Question

Based on the ideal gas law, there is a simple equivalency that exists between the amount of gas and the volume it occupies. At standard temperature and pressure (STP; 273.15 K and 1 atm, respectively), one mole of gas occupies 22.4 L of volume.

What mass of methanol (CH3OH) could you form if you reacted 7.02 L of a gas mixture (at STP) that contains an equal number of carbon monoxide (CO) and hydrogen gas (H2) molecules?
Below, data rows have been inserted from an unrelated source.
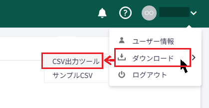 画面右上のID表示部分をクリックし、「ダウンロード > CSV出力ツール」を選択すると、zipファイルがダウンロードされます。
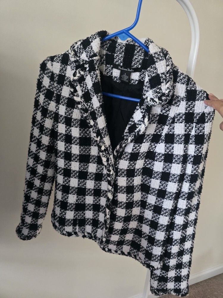 Brand :Madison Blazer , washed and sanitized. Size 4 but can fit a medium 34c. I'm a medium and it fits me well
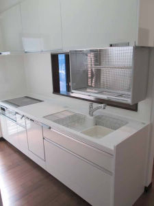 たっぷりの収納ができるリフォムスキッチンに色はビューティーホワイトを選び明るい空間ができた。また、火を使わないIHクッキングヒーターにした事での安心と、食器洗い乾燥機や電動昇降水切り棚を設置し、楽に使いやすいようにした。

Express the mass in grams to three significant digits.

Answer 1

The reaction between CO and H2 to give CH3OH is

CO+ 2H2 -------->CH3OH

theoretical moles ratio of CO:H2= 1:2

we know that 1 mole of any gas occupies 22.4 liters

7.02 L of mixture of gases occupy 7.02/224 =0.3133 moles of mixture

Equal no of molecules also refer to equal no of moles of each gas ( since 1 mole of any gas contain 6.023*10²³ molecules)

moles of CO= moles of H2= 0.3133/2= 0.15665 moles

Actual moles ratio of CO:H2= 0.15665:0.15665= 1:1

so H2 is limiting reactant since theoretical requirement of CO:H2 is 1:2 where as actual requirement of CO:H2 =1:1

so all the H2 is consumed and 2 mole of H2 gives 1 mole of CH3OH

0.15665 moles of H2 gives 0.15665/2= 0.078325 moles of CH3OH.

molar mass of CH3OH= 32 g/mole

mass of CH3OH required= moles* molar mass =0.078325*32 gm =2.51 gm of CH3OH.